I don’t get it ” the meat of the algorithm seems the same to me either way, namely:

1st way: set AppleScript’s text item delimiters to x
vs.
2nd way: set AppleScript’s text item delimiters to item 1 of “aabbccbb”

Why doesn’t…
text items of “aabbccbb” as text
…the 2nd way strip out the first two characters of “aabbccbb”?
AppleScript’s text item delimiters read the same both ways (“a”).
What am I missing?

Adam_Bell · August 7, 2013, 6:25pm

text items returns a list, in this case three items: {“”, “”, “bbccbb”} where the first empty quote is the first “a”, the second empty quote is the second “a”, and the third part is the rest. By converting text items to text you get the whole list.

set AppleScript's text item delimiters to item 1 of "aabbccbb"

set td to AppleScript's text item delimiters --> "a"

set y to text items of "aabbccbb" --> {"", "", "bbccbb"}

I don’t know why the conversion reveals the “a"s. Seems to me the answer should be " bbccbb”

Schmye_Bubbula · August 7, 2013, 6:44pm

Why not “bbccbb” instead of " bbccbb"? Aren’t the first two text items null characters?
And “item 1 of ‘aabbccbb’” is the same thing as “x” when setting AppleScript’s text item delimiters ” no? Why the different result?
(My head is getting ready to explode! )

McUsrII · August 7, 2013, 8:47pm

Hello.

What first happens is that you get the same list as Adam Bell got: namely {“”,“”,“bbccbb”}. Now, you must look at the empty strings as placeholders for text item delimiters.

You haven’t changed your text item delimiters, so when the string is turned back to text, then AppleScript inserts the text item delimiters there for you, so you end up with “aabbccbb” again.

This is totally normal behaviour. If you don’t change the text delimiter, you’ll end up with what you had originally, the moment you convert the list of text items back to text.

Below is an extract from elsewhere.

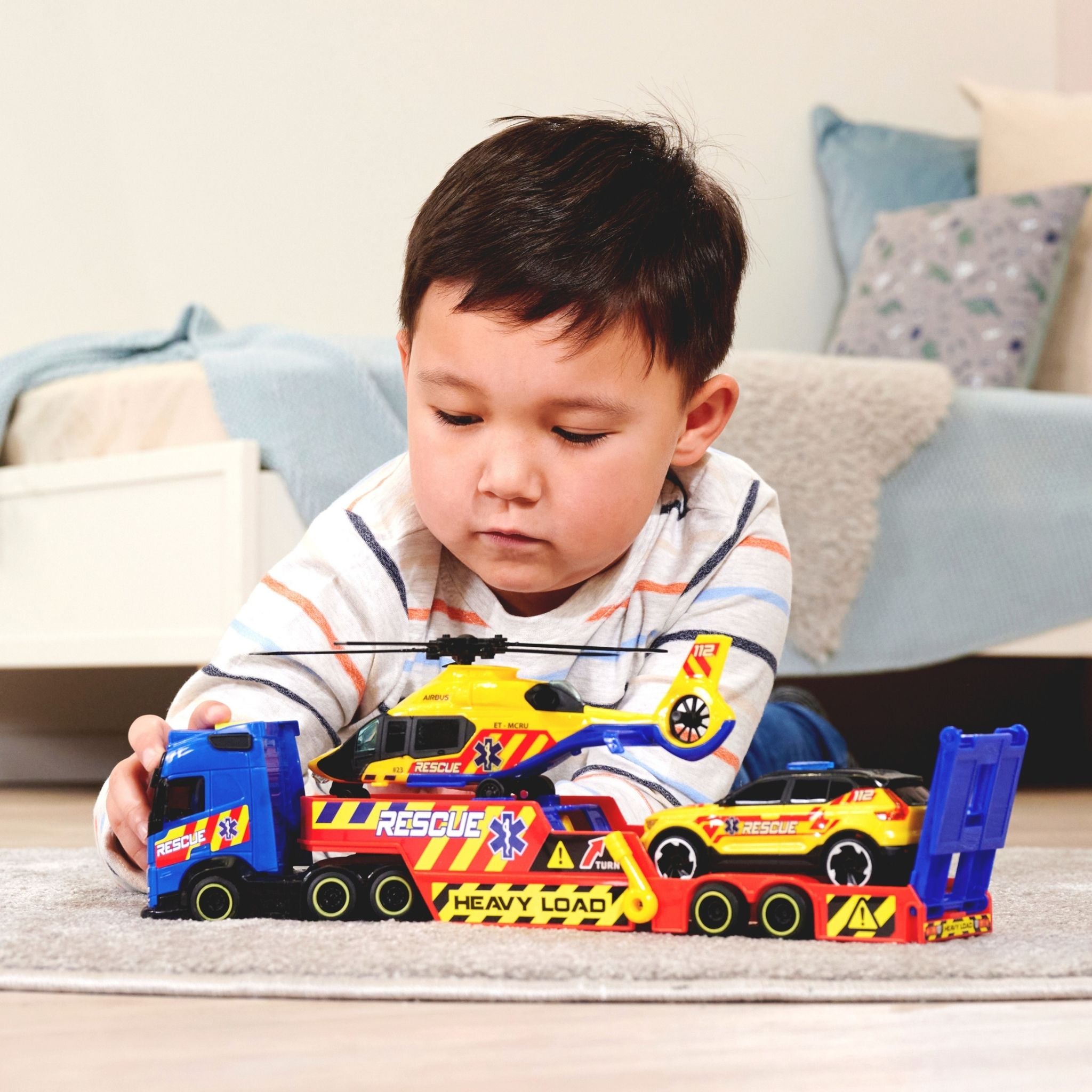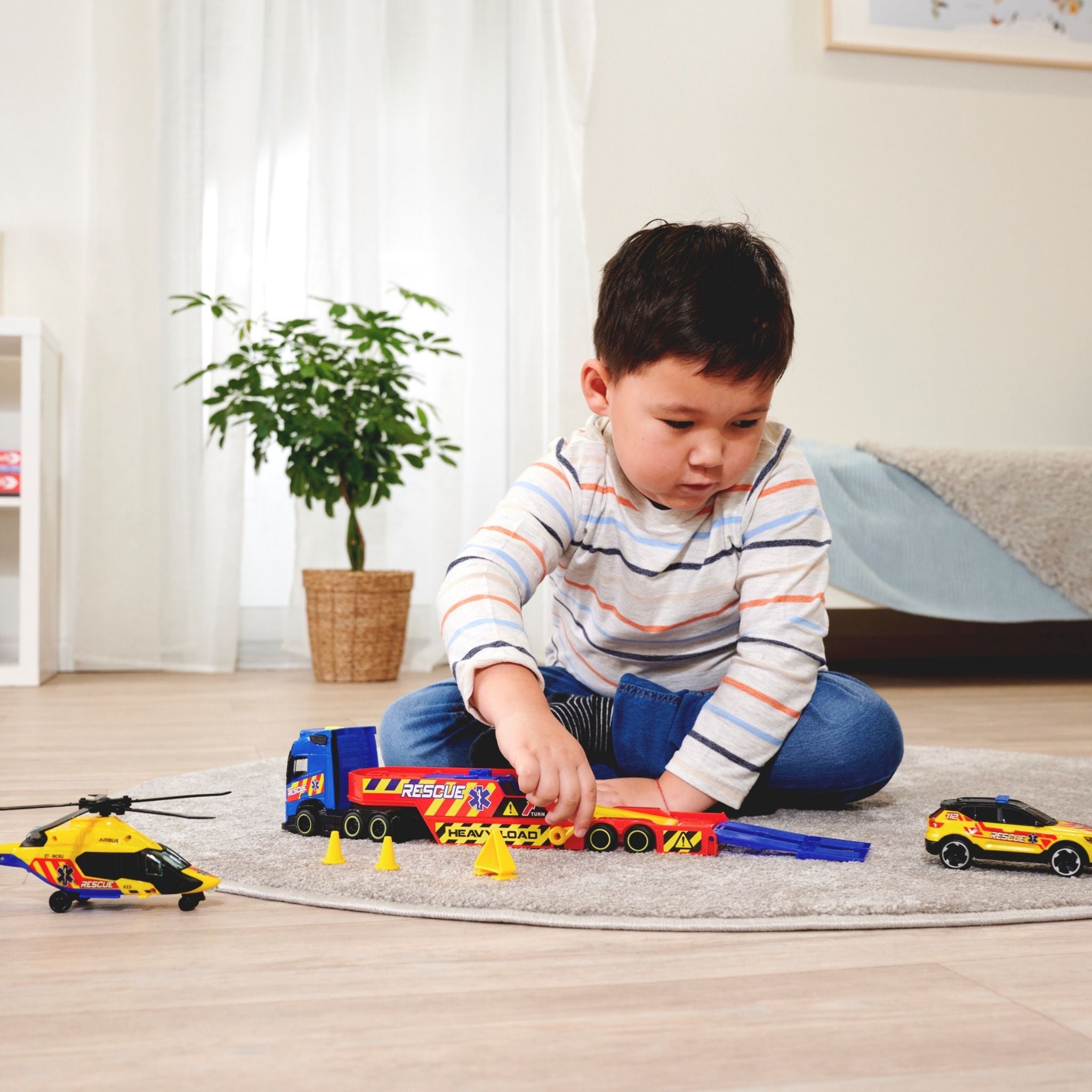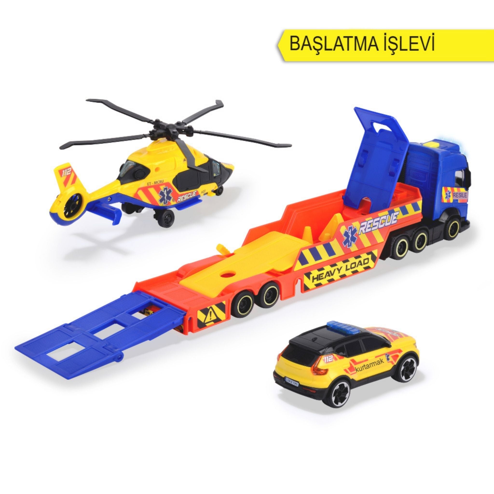 Dickie’nin lisanslı Volvo Rescue Transporter Seti, çocukları gerçek bir kurtarma operasyonunun heyecanına davet ediyor! Bu detaylı ve fonksiyonel oyun seti, bir tır, bir helikopter ve bir otomobilden oluşuyor. 40 cm uzunluğundaki Volvo FH16 kurtarma tırı, 13 cm’lik Volvo XC40 SUV ve Airbus H160 helikopter, çocukların hem hayal gücünü geliştiriyor hem de eğlenceli ve interaktif bir oyun deneyimi sunuyor. Tırın arka rampası açılarak araç yükleme ve indirme işlemleri kolaylaştırılmış, helikopterin dönen pervanesi ve otomatik hareket ettirilen araç sistemi oyunlara gerçekçilik kazandırıyor. Setin sesli ve ışıklı özellikleri ise çocukları oyun dünyasına daha fazla dahil ediyor. Ayrıca setin içinde yer alan uyarı levhaları ve direklerle oyun senaryoları daha zengin hale geliyor. Tüm bu özellikleriyle Dickie Volvo Rescue Seti, 3 yaş ve üzeri çocuklar için hem öğretici hem de eğlenceli bir tercihtir. Dickie Volvo Rescue Transporter Seti, çocukların saatlerce keyifle oynayabileceği, aksiyon dolu bir oyun dünyası sunuyor. Gerçekçi detaylar, ses ve ışık efektleri, kaliteli malzeme yapısı ve birleştirilebilir senaryolarla bu set, minik kurtarma kahramanlarının vazgeçilmezi olacak!

set AppleScript's text item delimiters to item 1 of "aabbccbb"

log AppleScript's text item delimiters --> "a"

set d to text items of "aabbccbb" 
# {"","","bbccbb"}
set AppleScript's text item delimiters to ""
# we remove the slots for the text item delimiters from the list
set d to d as text
log d
-- > "bbccbb"

Schmye_Bubbula · August 7, 2013, 11:40pm

Eureka! Got it! Thanks, guys ” and especially McUsrII, who finally made me see it: I needed to split-up the “to text items of” and the “as text,” and restore the standard null text item delimeters in-between. So in terms of my 2nd scriplet in post #7 above, to make it work, it should be modified to…


set AppleScript's text item delimiters to ASCII character (0)

(*
repeat with x in "aabbccdd"
	exit repeat
end repeat

x --> item 1 of "aabbccdd"
*)

set AppleScript's text item delimiters to item 1 of "aabbccdd"

AppleScript's text item delimiters --> "a"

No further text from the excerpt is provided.